Starting during the Montreal Meetup, we also made significant changes to the architecture, to deal with the growing number of players. WebSocket connections are now handled by a separate server, lila-ws. lila and lila-ws communicate using Redis pubsub. The main server no longer has to play ping-pong with individual connections. It can also efficiently let lila-ws broadcast messages to all spectators of a popular game. In the future this should also make server updates smoother for everyone.
listress and splitting out WebSocket handling enabled many dependency upgrades. We were finally able to update PlayFramework (now to 2.8, skipping 3 versions), which unlocked Scala 2.13, which in turn unlocked OpenJDK 13.
Other invisible server side changes:
- "Play with the Computer" is now also handled by a separate server, lila-fishnet, also using Redis to communicate with the main server.
- No longer immediately committing all individual moves to disk (excluding correspondence). Instead, moves are persisted at an interval and before updates. Of course this is a tradeoff. On the plus side this gives sub-millisecond processing times for moves on the server. It also reduces the size of the MongoDB oplog, allowing us to keep up to 24h delayed replica.
- Ported all templates from Twirl to Scalatags.
- Using MacWire for dependency injection.
- Support for TLS 1.3 (including Early-Data), for faster connection handshakes.

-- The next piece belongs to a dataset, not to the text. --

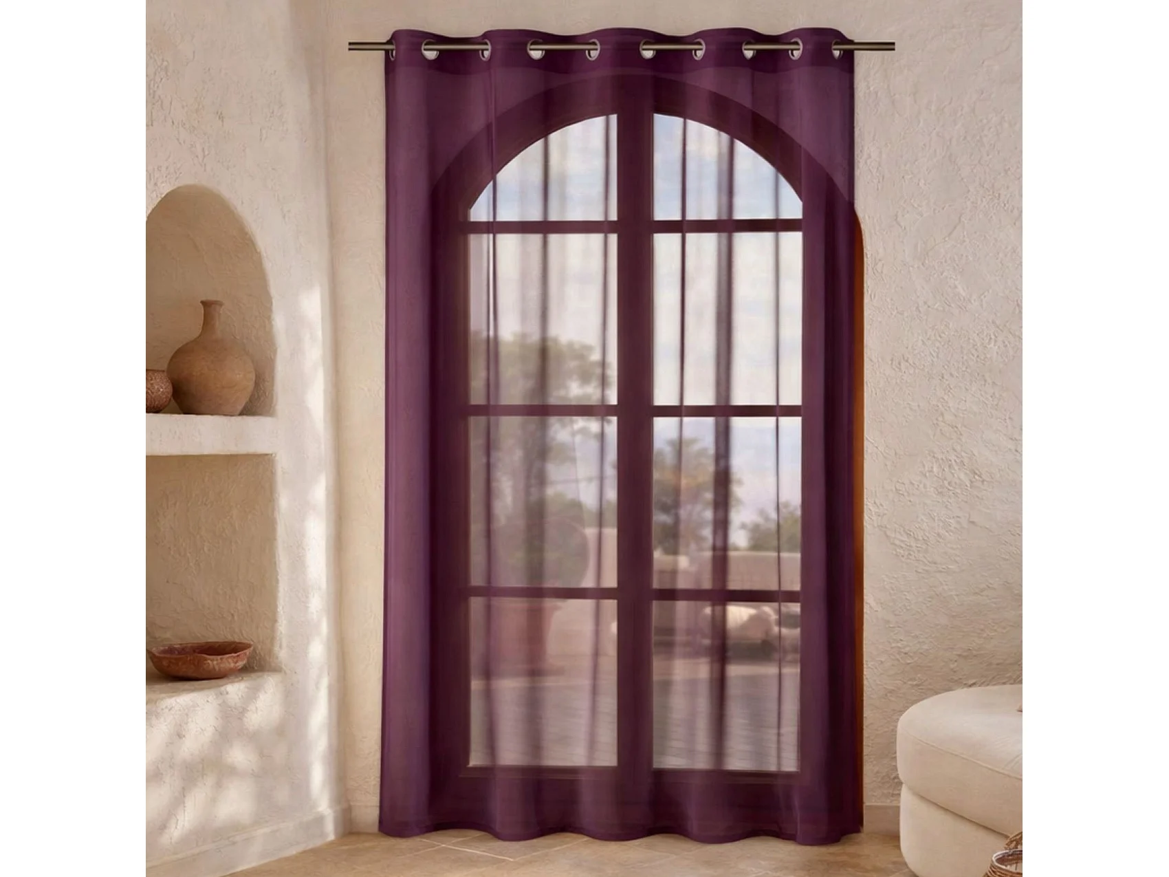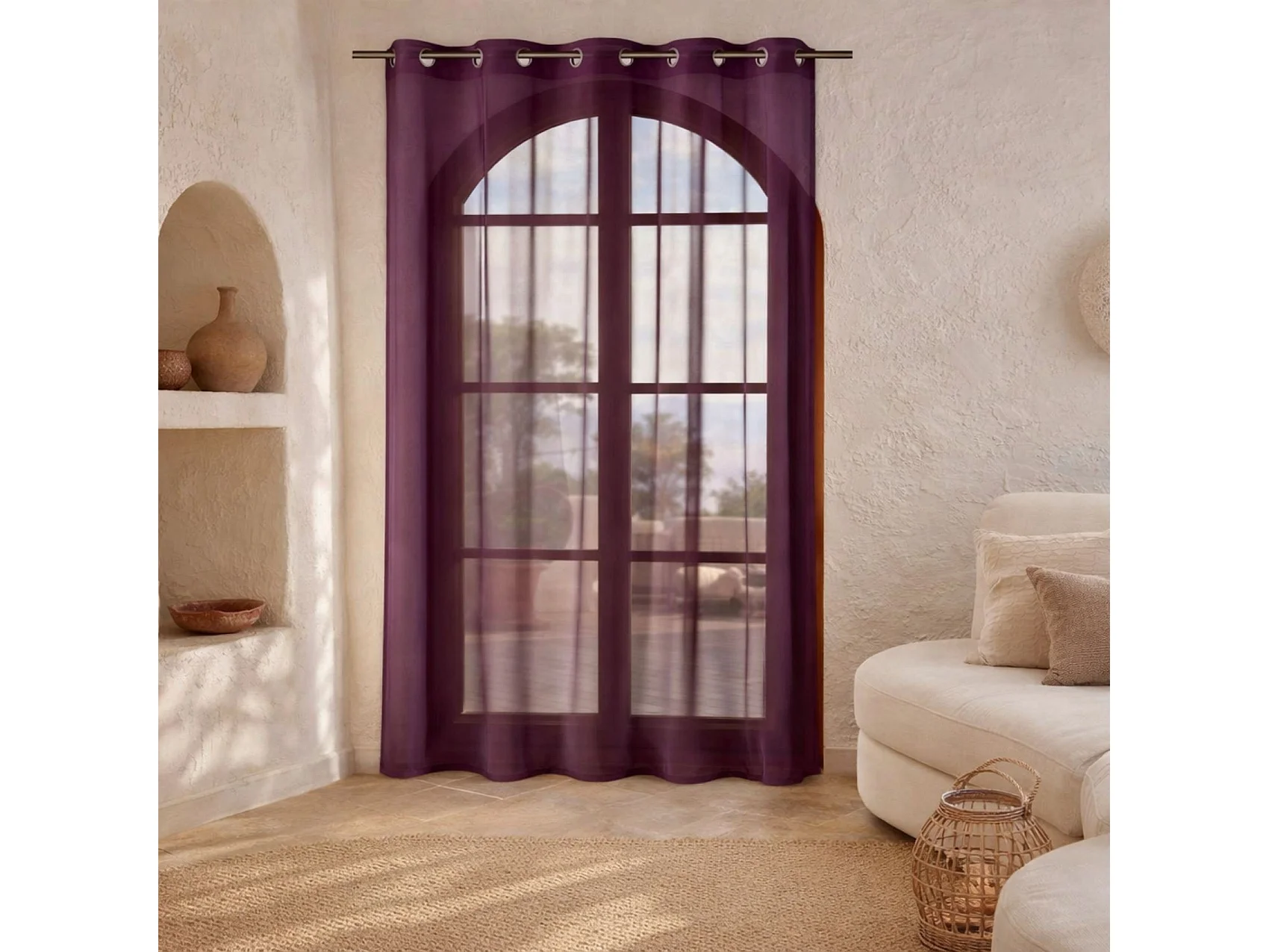 Gardine aus Etamine einfarbig mit Ösen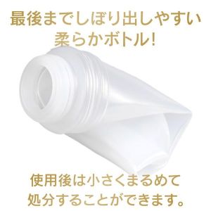 キャップもワンタッチだから片手で簡単に開けられるし、3つ穴ノズルで糸切れ抜群の構造だから、プレイ途中の継ぎ足しなんかにも便利なのよ。柔らかいボトルなので、最後まで絞り出せるのもいいわね。

Other technical client side changes:
- Stockfish with multi-threaded WebAssembly, replacing the deprecated PNaCl for client side engine analysis. The build is currently limited to using 4 threads, but we are working to lift that limitation.
- Rewrote stylesheets in SCSS. Modularity is used to build and serve separate optimised styles for the light, dark, and transparent themes.
- Ported more modules to TypeScript, now targeting ECMAScript 6.
- Built minimal icon fonts and removed dependency on Google Fonts.
- Laid foundations for offline analysis.
Happy new year!
Thanks to all players and contributors for another great year. Looking forward to seeing you in 2020!